Series/Learn Java Error, Reliability & Observability Engineering

Final StretchOrdered learning track

Debugging Production Failures

Learn Java Error, Reliability & Observability Engineering - Part 032

Debugging production failures untuk Java systems: evidence chain, hypothesis loop, logs-metrics-traces correlation, thread dump, heap dump, JFR, GC, Kubernetes/deployment context, dan production-safe diagnosis.

[2026-06-28]14 min read2759 words

In This Lesson

1. Kaufman Deconstruction 2. Mental Model: Evidence Chain 3. First 10 Minutes: Production Triage Algorithm

PrevNext

Lesson 3235 lesson track30–35 Final Stretch

#java#reliability#observability#debugging+6 more

Part 032 — Debugging Production Failures

Target skill: mampu mendiagnosis production failure secara sistematis, evidence-driven, dan aman. Setelah part ini, kamu harus bisa membangun timeline, membaca korelasi logs-metrics-traces, mengambil thread dump/JFR/heap evidence dengan hati-hati, membedakan cause vs symptom, dan memilih mitigasi tanpa memperparah kondisi sistem.

Production debugging berbeda dari local debugging.

Di local, kamu sering punya debugger, controllable input, dan waktu. Di production, kamu punya:

partial visibility,
pressure dari user/business,
data sensitif,
distributed causality,
state yang sedang berubah,
risiko tindakan diagnosis memperburuk sistem,
kebutuhan mitigasi sebelum root cause sempurna ditemukan.

Top engineer tidak “menebak penyebab”. Mereka membangun evidence chain.

1. Kaufman Deconstruction

Production debugging terdiri dari sub-skill berikut:

Sub-skill	Outcome
Impact scoping	Menentukan siapa/apa yang terdampak dan seberapa parah
Timeline construction	Menyusun urutan signal, change, dan symptom
Hypothesis loop	Membuat, menguji, dan membuang hipotesis berdasarkan evidence
Signal correlation	Menggabungkan logs, metrics, traces, events, dumps, dan deployment data
JVM diagnostics	Menggunakan thread dump, heap dump, GC data, JFR, dan jcmd secara aman
Distributed debugging	Menelusuri failure lintas service, queue, DB, cache, dan external dependency
Mitigation reasoning	Memilih aksi yang menurunkan impact tanpa menambah risiko
Evidence preservation	Menyimpan data penting untuk postmortem, audit, dan prevention

Debugging produksi bukan hanya menemukan bug. Tujuannya adalah memulihkan service, memahami failure mode, dan mencegah recurrence.

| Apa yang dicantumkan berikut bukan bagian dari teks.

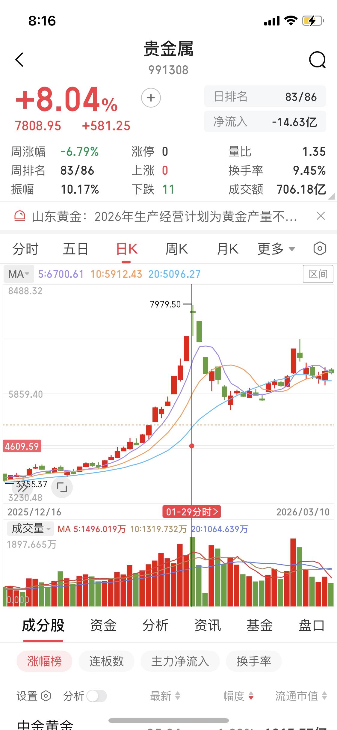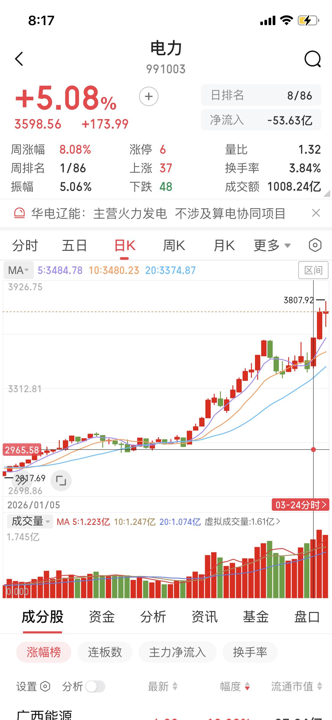 电力板块这波行情感觉还远没到尽头呢。就目前来看,它都还没走加速阶段,这意味着后续还有不少上升空间。明天我坚定看涨。 龙头华电辽能大概率会沿着5日线稳稳向上走趋势。而且明天板块可能会高切低。再看看商业航天和贵金属板块,商业航天整个板块涨了7个点,贵金属涨了8个点,相比之下,电力板块的涨幅明显还有很大潜力,加速阶段还没到来。所以我觉得电力板块后续还会有不错的表现,明天接着冲!

2. Mental Model: Evidence Chain

Evidence chain adalah rangkaian bukti yang menghubungkan symptom ke contributing factors.

Kunci:

Mulai dari impact, bukan dari komponen favorit.
Jangan loncat dari correlation ke causation.
Setiap hipotesis harus punya expected evidence.
Jika evidence tidak cocok, buang atau revisi hipotesis.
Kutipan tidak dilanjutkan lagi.